- **AIM OF THE EXERCISE**
Pictures appear in the records below; write out everything else exactly.

*** INPUT FOR THIS TASK ***

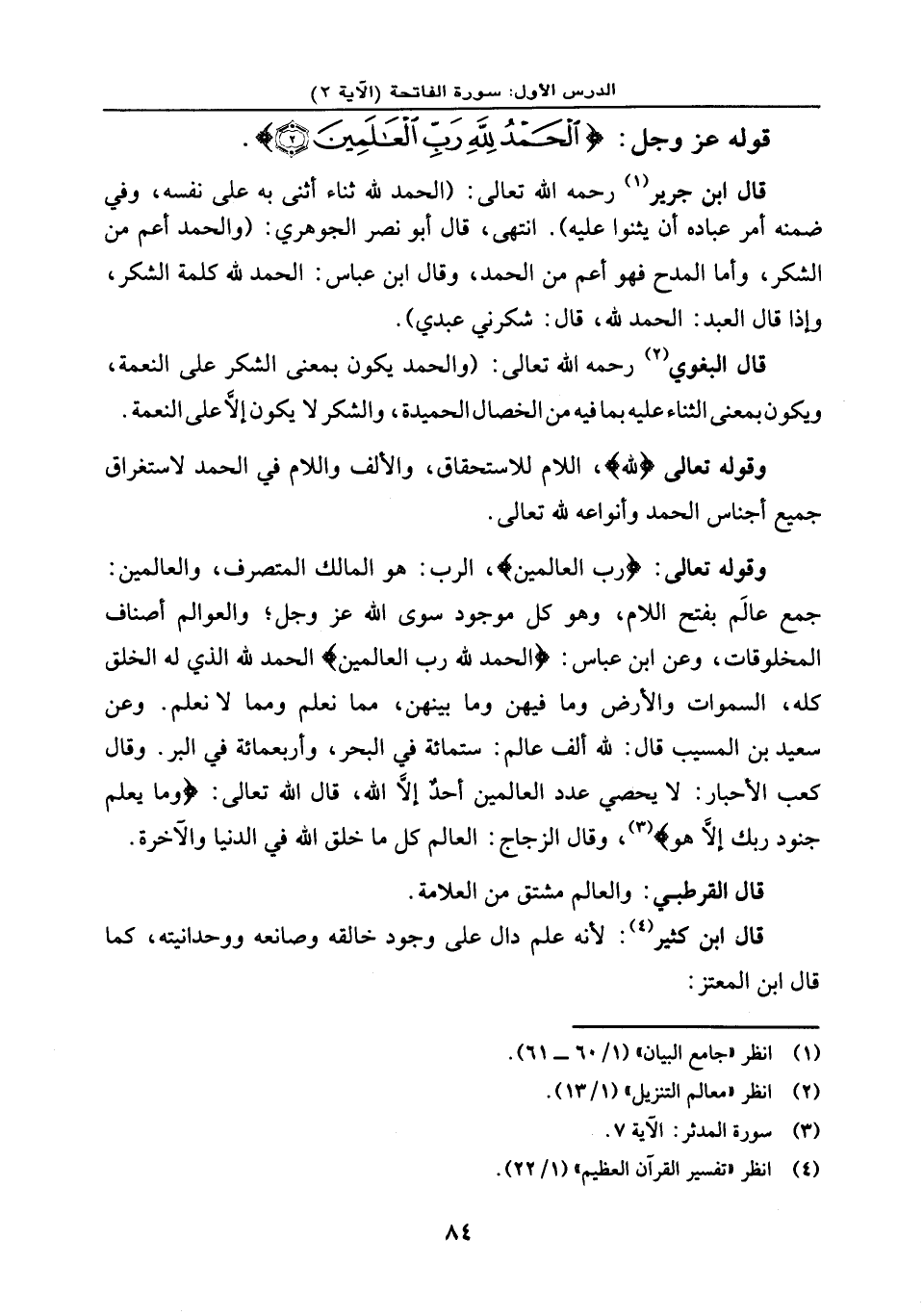 وقوله تعالى: {رَبِّ الْعَالَمِينَ} ، الرب: هو المالك المتصرف، والعالمين: جمع عالَم بفتح اللام، وهو كل موجود سوى الله عز وجل؛ والعوالم أصناف المخلوقات، وعن ابن عباس: {الْحَمْدُ للهِ رَبِّ الْعَالَمِينَ} الحمد لله الذي له الخلق كله، السماوات والأرض وما فيهن وما بينهن، مما نعلم ومما لا نعلم. وعن سعيد بن المسيب قال: لله ألف عالم: ستمائة في البحر، وأربعمائة في البر. وقال كعب الأحبار: لا يحصي عدد العالمين أحدٌ إلا الله، قال الله تعالى: {وَمَا يَعْلَمُ جُنُودَ رَبِّكَ إِلا هُوَ} ، وقال الزجاج: العالم كل ما خلق الله في الدنيا والآخرة.
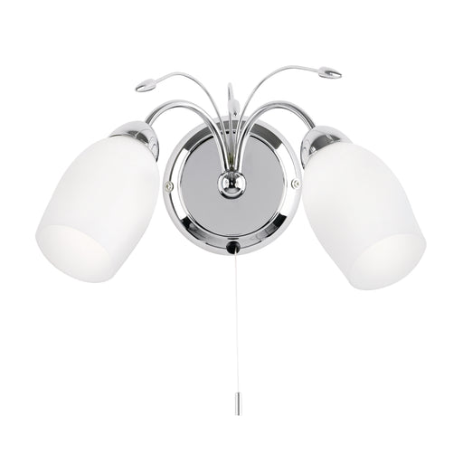 Endon LightingIn stockTwin wall light with down-facing opal glass shades, and finished in chrome effect plate. Supplied with pull cord switch. Dimmable and suitable for ...
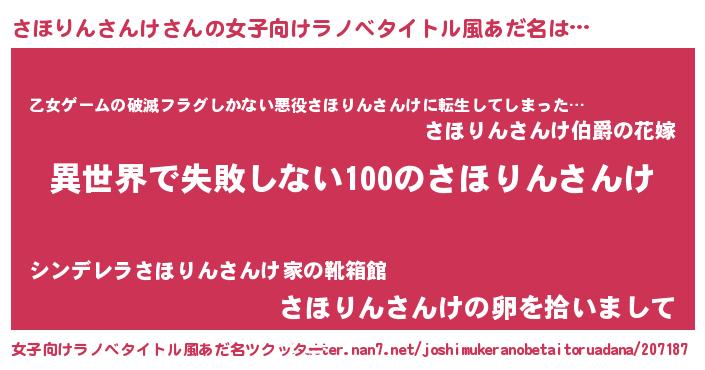 男性向けラノベタイトル風あだ名 | 『さほりんさんけという概念が存在しない退屈な世界 』 |
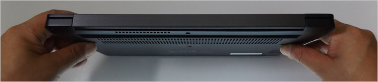 底面もアルミ素材。こちらにはシリコン・コーティングはないので、梨地のざらざらした手触り。排気口はヒンジの間にあり、あまり理想的とは言えないが、比較的低発熱の内蔵グラフィック仕様なのでまず問題なさそうだ。端子のある側はパームレストの板をプレスして一体化している。いわゆるユニボディ。
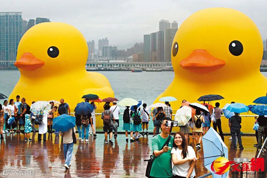 市民、游客顶风冒雨来海滨看大黄鸭。
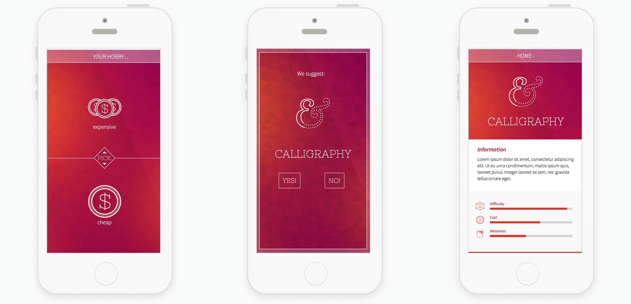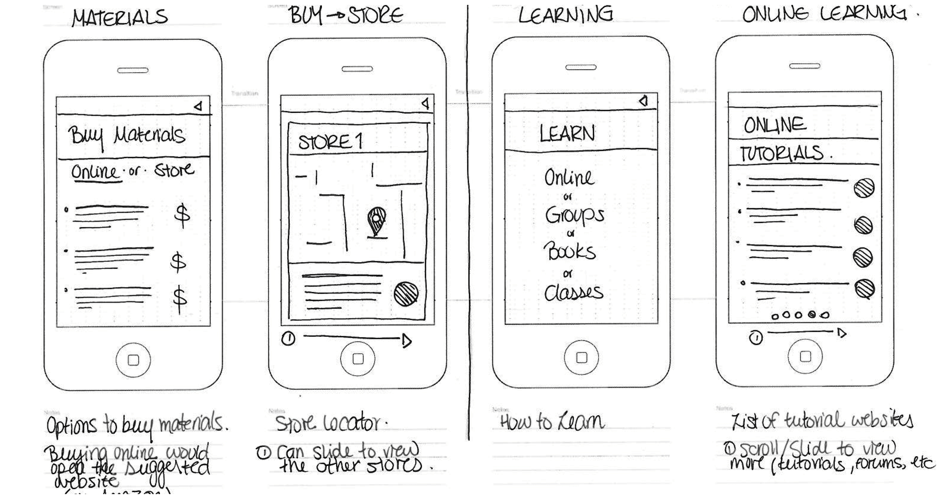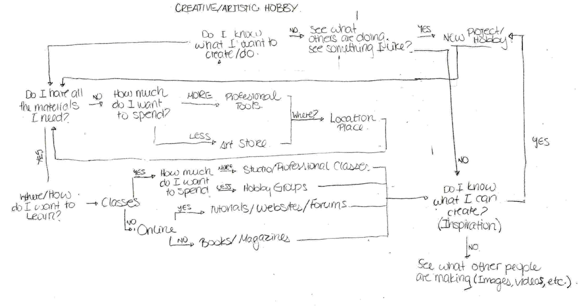 I began by analyzing the decision making process for pursuing a new hobby. I created a flow diagram of the thinking process and the questions that may arise throughout this process. It was important to incorporate possible answers for these questions. These answers helped me narrow down the functionality of the app.
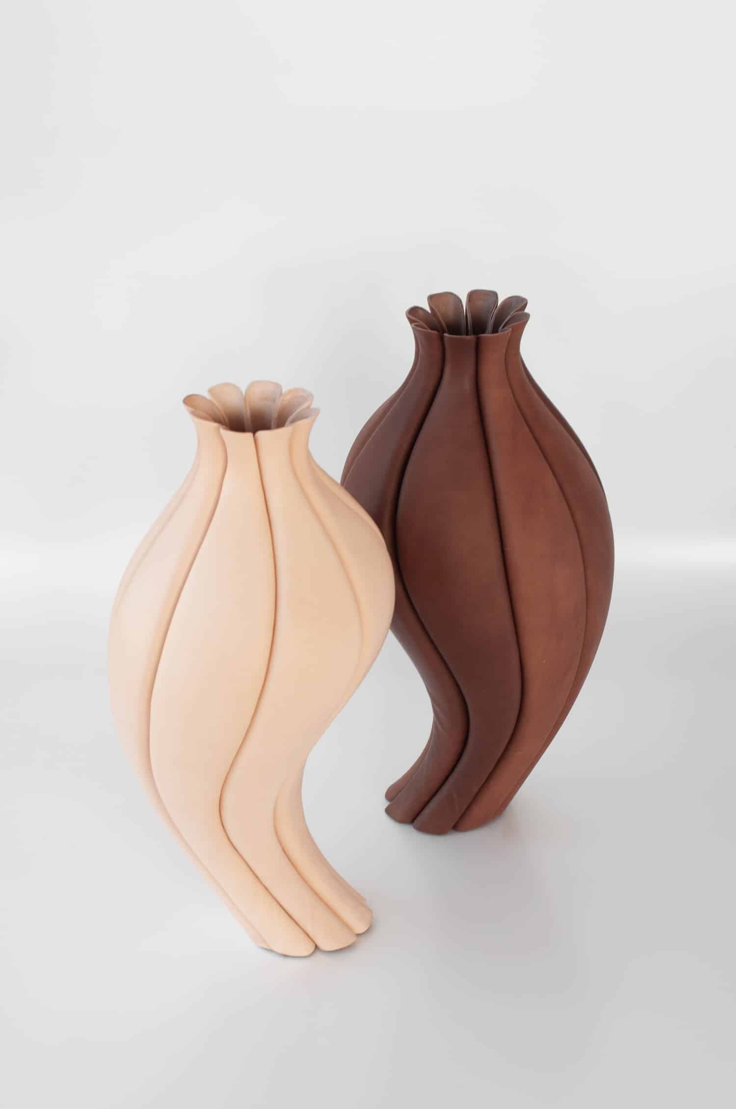 Depuis son atelier de Tel Aviv, l’artiste du cuir, Talia Luvaton, fondatrice de Luvaton Studio en 2021 pousse le cuir tanné végétal là où on ne l’attend pas vraiment : ni en portefeuille, ni en doublure de canapé, mais en vases sculpturaux aux lignes architecturales. Et le mois d’avril 2026, elle pose ses pièces au SaloneSatellite, à Milan, avec en exclusivité mondiale sa nouvelle collection TRACE.
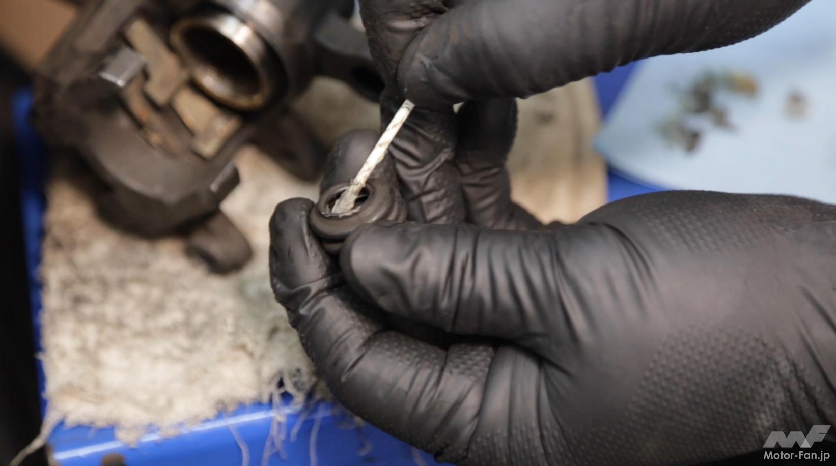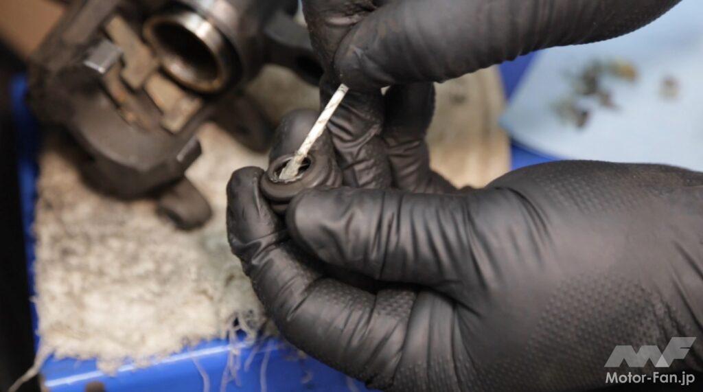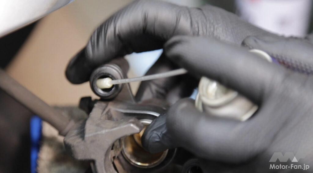 次はダストシールの汚れを『もみ出し」という方法を使って除去。さらにブレーキオイル(フルード)を使ってピストンの潤滑性もアップさせます。

*** End of INPUT FOR THIS TASK ***

- **REPLY**
 وقوله تعالى: {رَبِّ الْعَالَمِينَ} ، الرب: هو المالك المتصرف، والعالمين: جمع عالَم بفتح اللام، وهو كل موجود سوى الله عز وجل؛ والعوالم أصناف المخلوقات، وعن ابن عباس: {الْحَمْدُ للهِ رَبِّ الْعَالَمِينَ} الحمد لله الذي له الخلق كله، السماوات والأرض وما فيهن وما بينهن، مما نعلم ومما لا نعلم. وعن سعيد بن المسيب قال: لله ألف عالم: ستمائة في البحر، وأربعمائة في البر. وقال كعب الأحبار: لا يحصي عدد العالمين أحدٌ إلا الله، قال الله تعالى: {وَمَا يَعْلَمُ جُنُودَ رَبِّكَ إِلا هُوَ} ، وقال الزجاج: العالم كل ما خلق الله في الدنيا والآخرة.
 Endon LightingIn stockTwin wall light with down-facing opal glass shades, and finished in chrome effect plate. Supplied with pull cord switch. Dimmable and suitable for ...
 男性向けラノベタイトル風あだ名 | 『さほりんさんけという概念が存在しない退屈な世界 』 |
 底面もアルミ素材。こちらにはシリコン・コーティングはないので、梨地のざらざらした手触り。排気口はヒンジの間にあり、あまり理想的とは言えないが、比較的低発熱の内蔵グラフィック仕様なのでまず問題なさそうだ。端子のある側はパームレストの板をプレスして一体化している。いわゆるユニボディ。
 市民、游客顶风冒雨来海滨看大黄鸭。
 I began by analyzing the decision making process for pursuing a new hobby. I created a flow diagram of the thinking process and the questions that may arise throughout this process. It was important to incorporate possible answers for these questions. These answers helped me narrow down the functionality of the app.
 Depuis son atelier de Tel Aviv, l’artiste du cuir, Talia Luvaton, fondatrice de Luvaton Studio en 2021 pousse le cuir tanné végétal là où on ne l’attend pas vraiment : ni en portefeuille, ni en doublure de canapé, mais en vases sculpturaux aux lignes architecturales. Et le mois d’avril 2026, elle pose ses pièces au SaloneSatellite, à Milan, avec en exclusivité mondiale sa nouvelle collection TRACE.
 次はダストシールの汚れを『もみ出し」という方法を使って除去。さらにブレーキオイル(フルード)を使ってピストンの潤滑性もアップさせます。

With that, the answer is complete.